Dataset excerpts —
━━━━
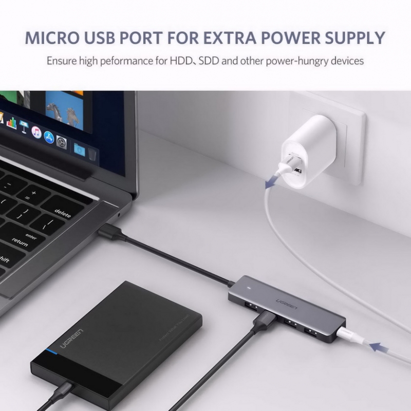 HUB CHIA 4 CỔNG USB 3.0 HỖ TRỢ CẤP NGUỒN MICRO USB CHÍNH HÃNG UGREEN 50985 CAO CẤP
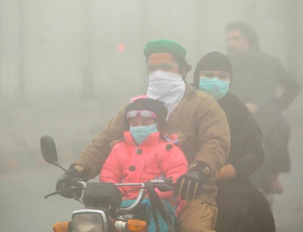 People use face masks to protect themselves from morning smog as they ride on bike along a road in Lahore. Photo: Reuters
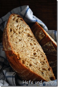 Da muss ich noch ein wenig üben, und auch sonst hab ich wirklich nicht alles optimal gemacht (der Teig war am Ende zum Formen für mich eigentlich zu weich) — und trotzdem ist das ein richtig tolles Brot geworden! Ganz fluffig innen und ein schön herzhafter, komplexer Geschmack. Dankeschön!!!
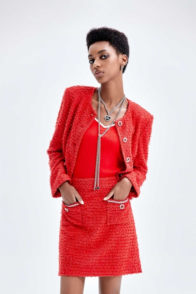 V領長袖夾克式外套 流行火焰色 領圈拼接羅紋造型 雙口袋 前中拉鍊閉合 愛心拉環
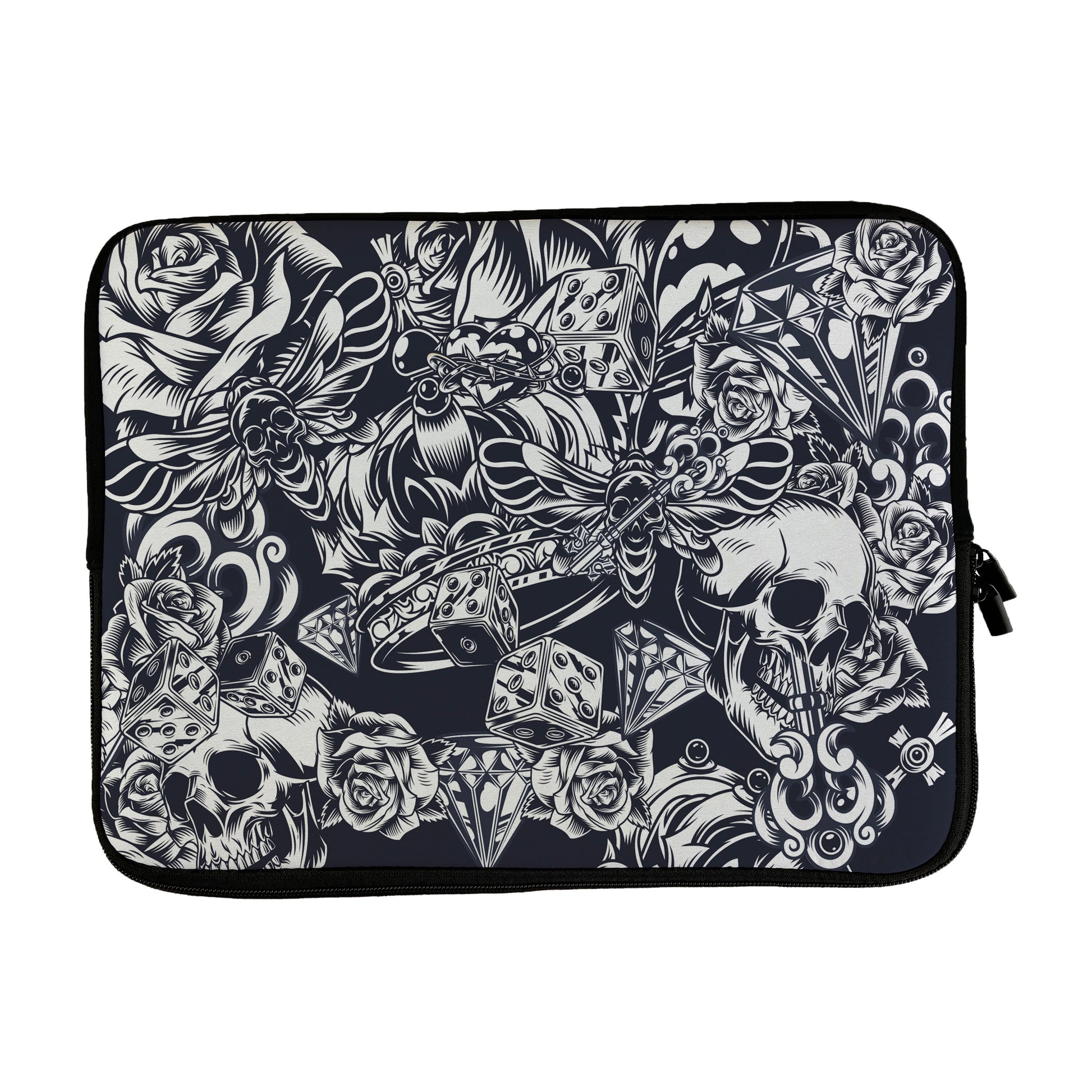Laptop Sleeve with Black and White Skulls and Roses Design
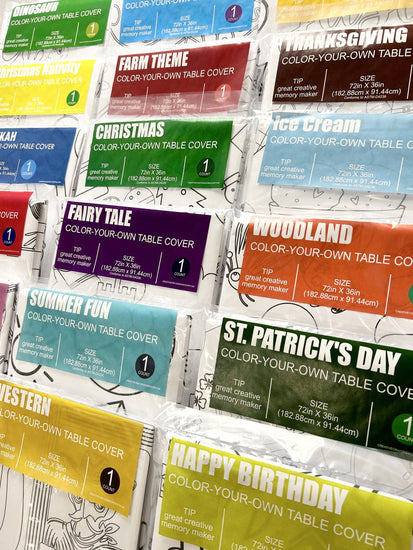 Each exclusively designed paper table cover arrives folded in a 10x14 inch clear package for easy, space-saving storage. Simply spread across your dining table for hours of fun for kids and adults alike!
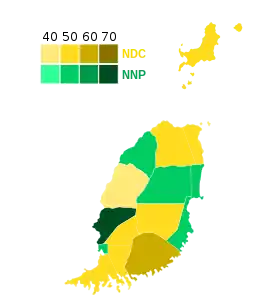 | National Democratic Congress | 31,430 | 51.84 | 9 | +9 | |
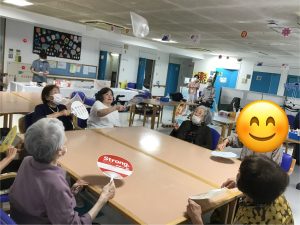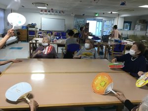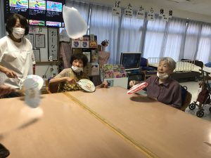 うちわをあおいで風船を操り、ポイントを狙っています💨🎈自分のところに来た風船を必死に動かそうとする事で自然に体が動き、いい運動にもなりますね💪
━━━━
WHAT TO DO — Retype the data word for word, please, and keep the images out.

TASK SOLUTION —
 HUB CHIA 4 CỔNG USB 3.0 HỖ TRỢ CẤP NGUỒN MICRO USB CHÍNH HÃNG UGREEN 50985 CAO CẤP
 People use face masks to protect themselves from morning smog as they ride on bike along a road in Lahore. Photo: Reuters
 Da muss ich noch ein wenig üben, und auch sonst hab ich wirklich nicht alles optimal gemacht (der Teig war am Ende zum Formen für mich eigentlich zu weich) — und trotzdem ist das ein richtig tolles Brot geworden! Ganz fluffig innen und ein schön herzhafter, komplexer Geschmack. Dankeschön!!!
 V領長袖夾克式外套 流行火焰色 領圈拼接羅紋造型 雙口袋 前中拉鍊閉合 愛心拉環
Laptop Sleeve with Black and White Skulls and Roses Design
 Each exclusively designed paper table cover arrives folded in a 10x14 inch clear package for easy, space-saving storage. Simply spread across your dining table for hours of fun for kids and adults alike!
 | National Democratic Congress | 31,430 | 51.84 | 9 | +9 | |
 うちわをあおいで風船を操り、ポイントを狙っています💨🎈自分のところに来た風船を必死に動かそうとする事で自然に体が動き、いい運動にもなりますね💪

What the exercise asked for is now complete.